08 September 2020

My UEA Story: Jamie Stevenson

Jamie Stevenson studied Ecology at UEA, graduating in 1992, having first arrived on campus to study for a computing degree. Since then he’s spent time in Java studying Gibbons, worked as a journalist and now works in health research. ‘Who says there’s such thing as a straight line?’ he says about his varied career.

"I remember people looking at me in a funny way when I told them what I was interested in: Spanish Civil War poetry, animal behaviour and designing people-friendly software"

For those of you who know exactly what you want from university – you’re lucky. I got into UEA in 1989 following a spectacular fail in my first attempt at A-Levels. Second time round I managed good enough grades to find myself on the first Applied Computing BSc at UEA.

I was pleased. I’d always had an uneasy balance between loving English, Biology and Computers and I remember people looking at me in a funny way when I told them what I was interested in: Spanish Civil War poetry, animal behaviour and designing people-friendly software.
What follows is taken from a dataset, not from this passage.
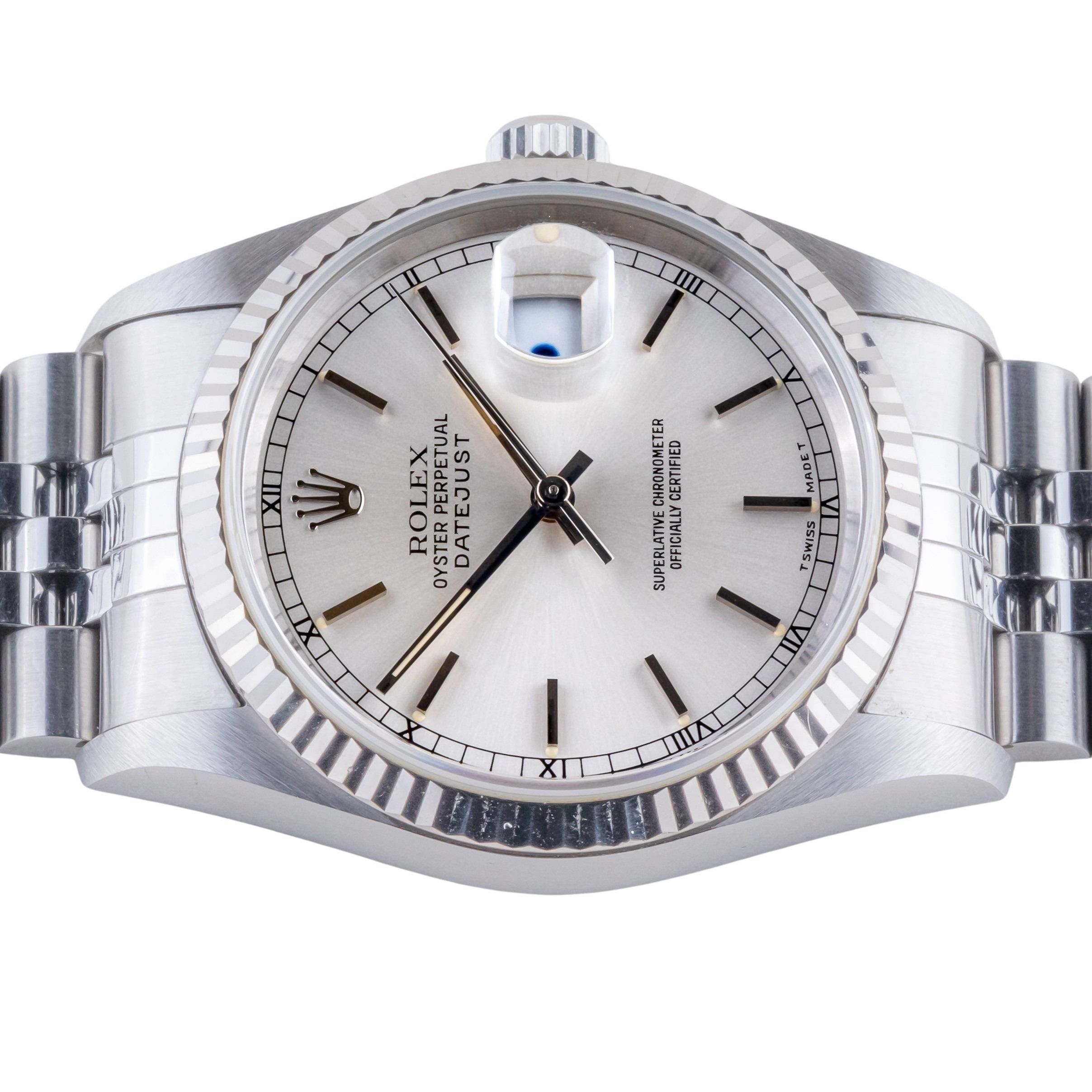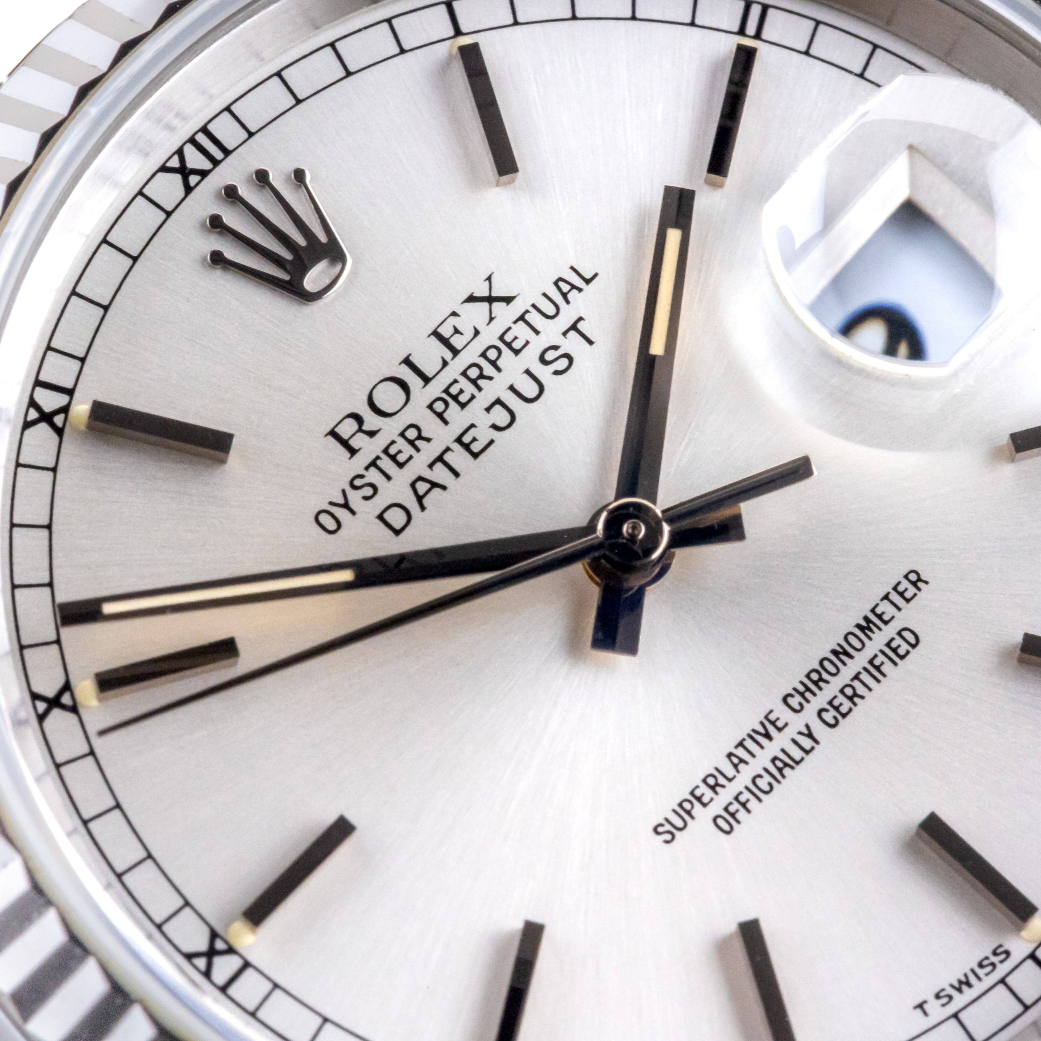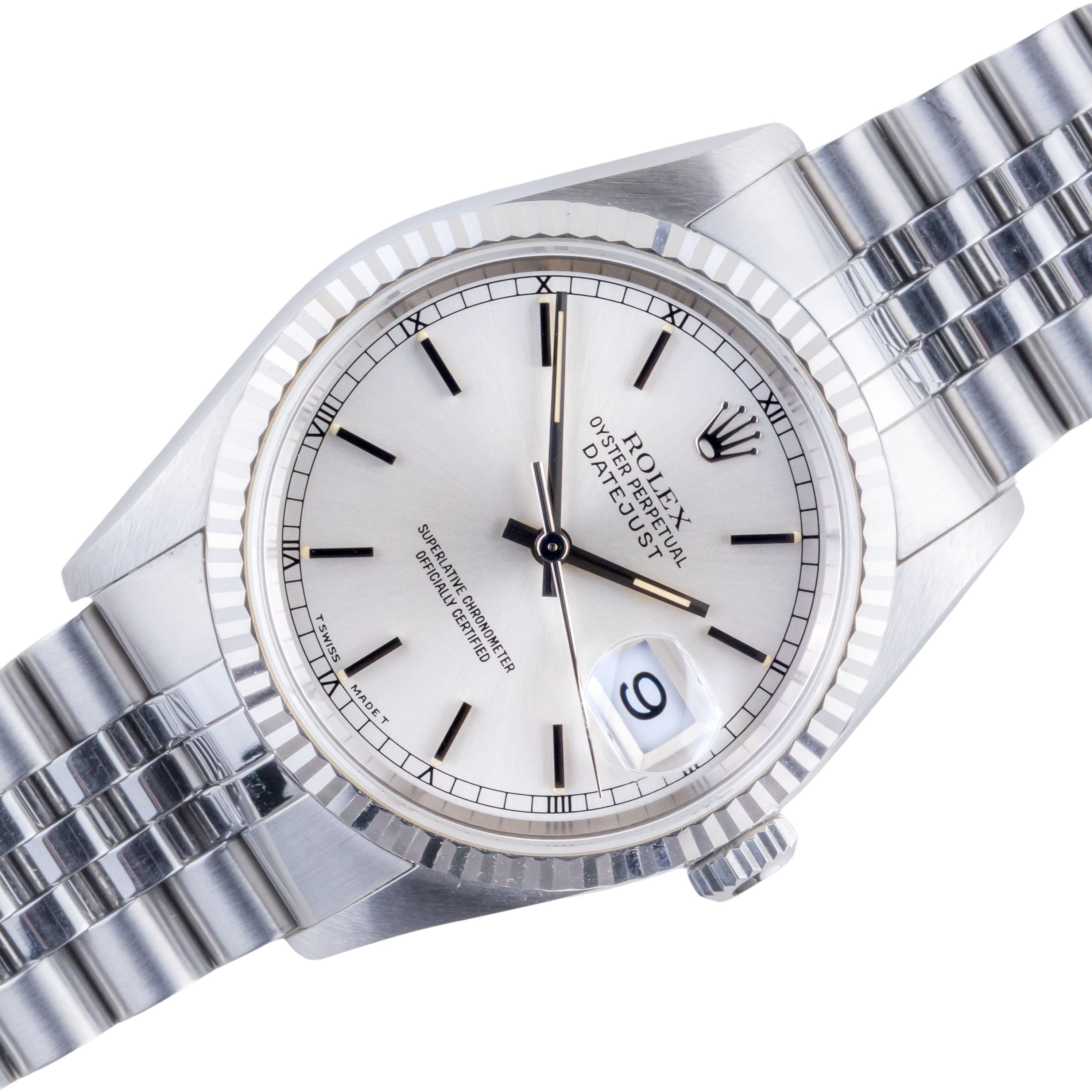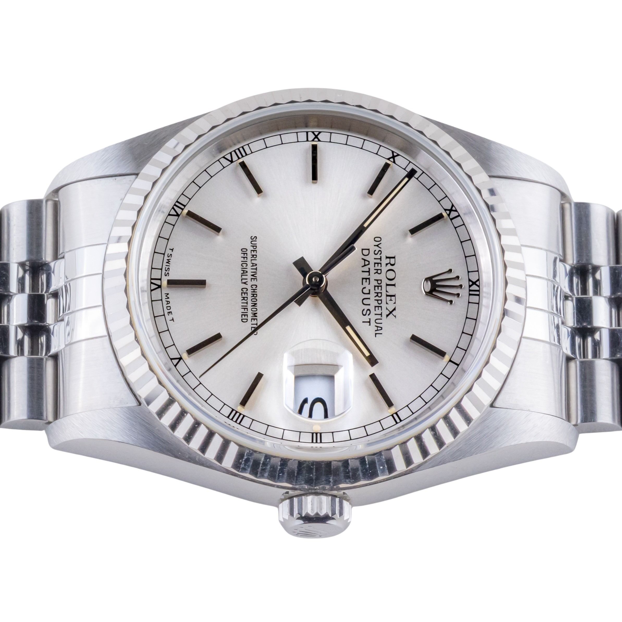 Rolex Oyster Perpetual Datejust reference 16234 from 1997. The Datejust 16234 Datejust measures a 36mm stainless steel case, a stainless steel Jubilee bracelet and a fluted 18k white gold bezel. This Datejust 16234 features an automatic movement caliber 3135 with quickset date function, a scratch resistance sapphire crystal and a silver dial.

My first impression of university was slightly overwhelming. I’d been kind of good at my subjects at college, but now everyone was good, and many far ahead of me. My first impression of walking into Norfolk Terrace to my room was like walking into a concrete submarine with a faint smell of socks.

First year went well although I got frustrated with all the time I spent coding. Though I enjoyed the economics and teaching I felt I was missing out on being outside. I cycled everywhere – I couldn’t afford a car – and loved being in the city, and out in the countryside.

So then I took the tough decision to move to studying Ecology. I passed my prelim year and after a frankly terrifying conversation with the dean of BIO I was in! It was much more my thing. I spent time in the field in Ireland and Wales studying plants and migrant birds, knee deep in mud. Then there was the analysis of animal behaviour and understanding of complex ecosystems.

 

The whole time I was at UEA I worked – waiter, council work, cook, etc. I also got involved with the student radio Livewire. I’d never have thought I had the courage to squeak a word on air, but it was fun and BBC Radio Norfolk let me work evenings answering phones on a call-in show.

In the meantime I was planning an expedition to West Java to study Gibbon populations in the rainforests. I got my degree, and then it was off to Java for six months working on the expedition. I’d planned to return and continue research, but when I got back on a cold December day in 1992 I was disturbed to find out the economy had crashed and there were no jobs in research.

I continued working part-time jobs and at the BBC – by now they let me out with a tape recorder to do reports. And it was then that the kindly head of programmes suggested I might like to work there one day. It wasn’t my plan but, ‘Yeah, ok!’ I thought. He added I’d need to study to be a journalist. I bit the bullet, took out a loan and by the summer of 1993 I was working in commercial radio.

A few months later I got to work in London for ITN, and then followed years of working in radio and TV. By 2009 I’d become a dad and rushing around working silly hours and in different places wasn’t going to make childcare easy. So, I found a job in the local NHS and it's there I discovered NHS research. By 2014 there was a job at the University of Southampton working for the National Institute for Health Research. I was now a dad of two. I got the job, and that’s where I am now.

I was finally bringing all the things I loved doing into one thing. Understanding complex science and medical research, turning it into English and supporting research teams with their work, which often involved a bit of coding. It’s full circle in a way – and I’m grateful to UEA for the chance to be different.